Hikoi Day Two: Waitomo Museum

 


The Waitomo Caves Museum & Discovery Centre 

 was a pleasant surprise with a treasure trove of photos, books, and archived records. The museum naturally has a lot of resources related to the caves with scientific and historic material as well as quite a collection of material related to early settler families.  Bridget is the museum director and since covid has significantly reduce tourist numbers the staff at the museum/education centre/ information centre have been reduced significantly and there is little time or resource for her to put into the collections.  Bridget seemed pleased to have a visitor interested in the archive and an excuse to “do some museum stuff” – her two associates at the centre had a good grasp on the archive and were able to give me some good leads for my research.

Waitomo is an interesting case study in early settlement because of the caves and the hotel.  Tours of the caves were offered informally by local Māori through the mid 19th century long before the Caves were “nationalised” in 1904 and commercial tours were offered.  The opening up of the Caves for tourism coincided with and was dependent on the opening of the King Country and the completion of the main trunk railway line.  Tourists could catch the train from Auckland or Wellington to Hangatiki and then be taken by coach the final 10ks on a ‘good road’.
Photos at the museum indicate racial and gender division of labour at the hotel.  While there was a sizable local population of Maniapoto, young white females were imported to work in the hotel.  Anecdotally it seems that a number of these young women married local Māori men, this being a relatively uncommon phenomena as up until then a vast majority of interrace marriages were between white men and Māori women.




A personal delight was to discover a local history of the settlement of Mairoa (30ks Southwest of Waitomo).
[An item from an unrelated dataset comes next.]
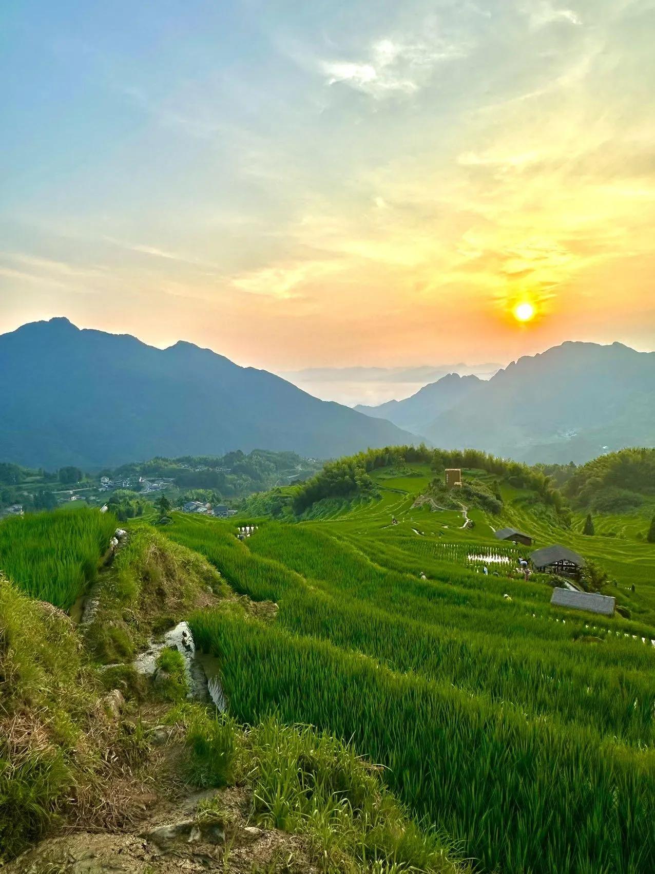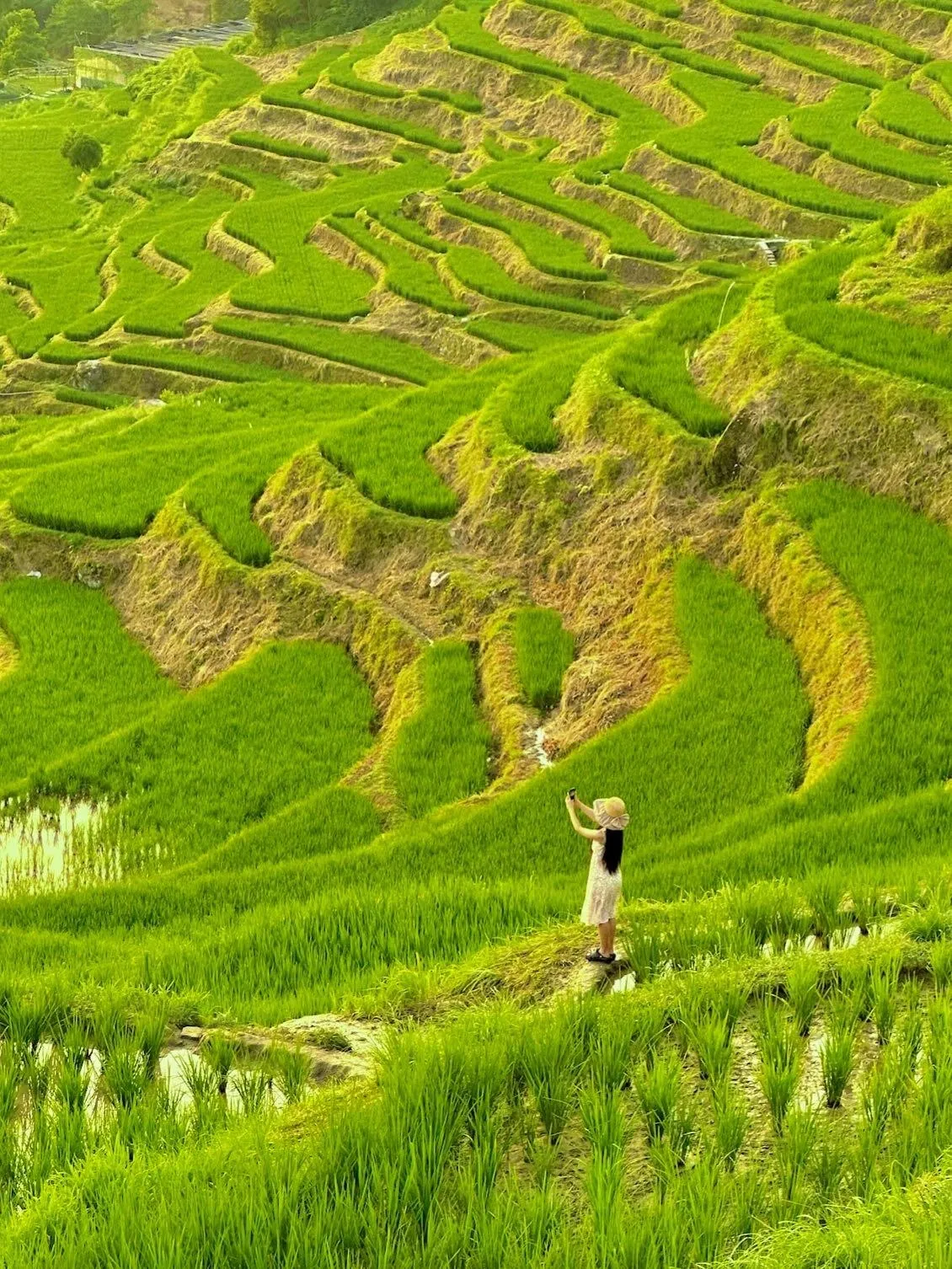 浙江丽水的云和梯田,是一处不容错过的美景。 水稻插满的梯田,一眼望去郁郁葱葱,仿佛置身于宫崎骏的童话世界。

This is where my great grandparents broke in a bush farm in the early 1900s.  The book included a copy of the first few pages of the Mairoa School role where my great uncle and aunties, Kate, Mary Ellen and Joseph Main were enrolled in 1906.  I remember Uncle Joe visiting my Nana in Morrinsville in the 1970s.  He was a real gentleman farmer (retired)  Mary Ellen wrote a family memoir including accounts of the time at Mairoa which has inspired my hikoi and research.  Aunty Kate had a horse related accident while at Mairoa and was commonly referred to as 'Poor Old Aunty Kate' as a result of the injuries she suffered and their consequences for the rest of her life.  Uncle Joe helped my GGF build the family whare at Mairoa as a 7 year old.  He along with other siblings was badly burned by an accident involving gunpowder used to clear stumps from the land.
if you get the chance do visit the Waitomo Museum well worth the stop.